“Don John the Baptist then, como le whack?”

“Bien, señor, bien.”

“Any theory as to what you’ve got there?”

“Y’r Mercy’s supper. The Señor Coronel Lopez does not desire that Y’r Mercy should have any complaint.”

“Oh, none whatever, Johnny, except what I’m to die of. Set it down, here on the feather bed.”

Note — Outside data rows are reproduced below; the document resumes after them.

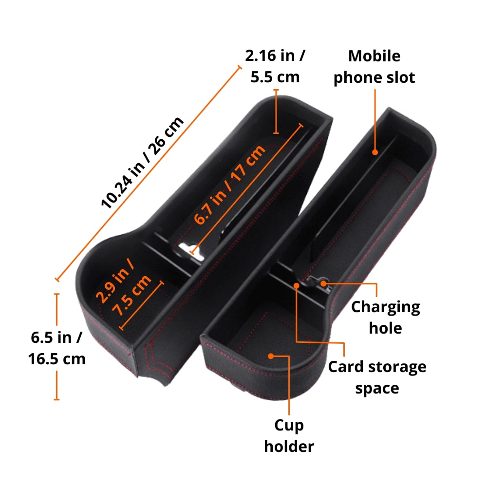 Crafted with quality PU Leather, designed to universally fit and add extra style to any vehicle. No more painfully shoving your hand in the gaps between your seat and center console or dangerously fishing around your center compartment while driving. Our organizer fits right in that infamous seat-center console gap so items no longer go missing. Instead, you can keep everything sturdily in place — and within arm’s reach — from your phone to drink to sanitizer and spare coins. Premium Car Seat Organizers are the perfect way to keep yourself organized on the go.
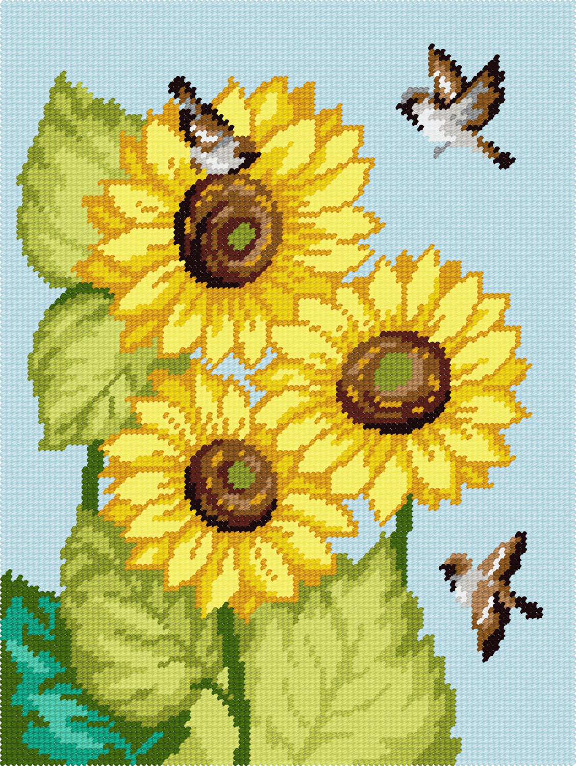 Перед вами подробная информация о вышивке BL-29: Горобці на соняшниках.
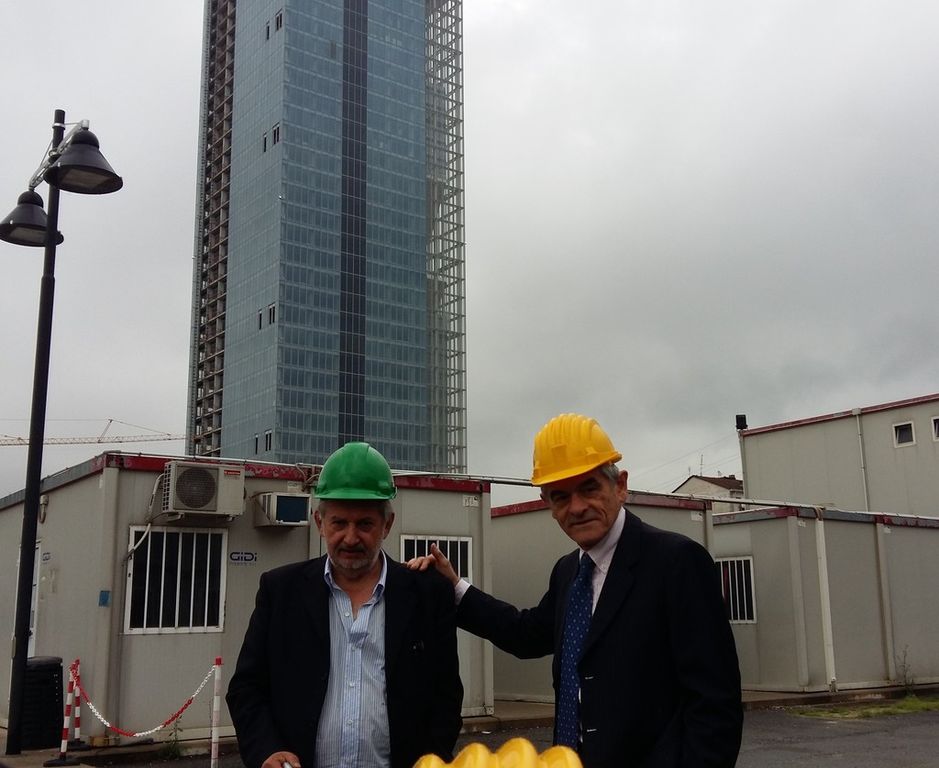 Sarà pronto soltanto nella primavera del 2019 il grattacielo che ospiterà i nuovi uffici della Regione Piemonte, in zona Lingotto proprio dietro all'Oval. Lo ha annunciato stamattina, dal 41esimo e ultimo piano della torre (più in alto ci sarà il giardino d'inverno), il presidente Sergio Chiamparino, che ha effettuato la visita in cantiere insieme al suo vice, Aldo Reschigna.
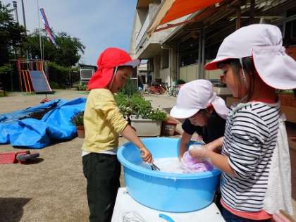 5歳児ことり組が、花の色水と泡を使いジュースを作っていると・・「何してるの?」と4歳児はな組が声をかけてくれ、みんなで美味しいジュースを作って楽しみました。

There were a few native dishes, with a botellon of water and a jar of wine. Driscoll tipped the botellon to his lips. His whiskey flask had contained poison, though the poison of ink, and as he drank, he pondered on why water should not be an antidote for the poisons that lurk in whiskey flasks. 191Then he wondered why such foolish conceits at such times persist in shouldering death itself out of a man’s thoughts. And meanwhile, there stood the precursor of his end, in the emblematic person of a very brown John the Baptist. The fellow’s gorgeous red jacket was unbuttoned, revealing a sordid dirty shirt. He was officer of the guard, and had a curiosity as to how a Gringo about to be shot would act. He waited clumsily, lantern in hand. But he was disappointed. There seemed to be nothing out of the commonplace. Some condemned Mexican, though a monotonously familiar spectacle, would yet have been more entertaining.

Driscoll looked at him over the botellon. That earthen bottle had not left the prisoner’s lips. It had stopped there, poised aloft by an idea.

“See here,” Driscoll complained, “where’s the rest of the water I’m to have?”

“Of what water, señor?”

“For my bath, of course. Don’t I die to-morrow?”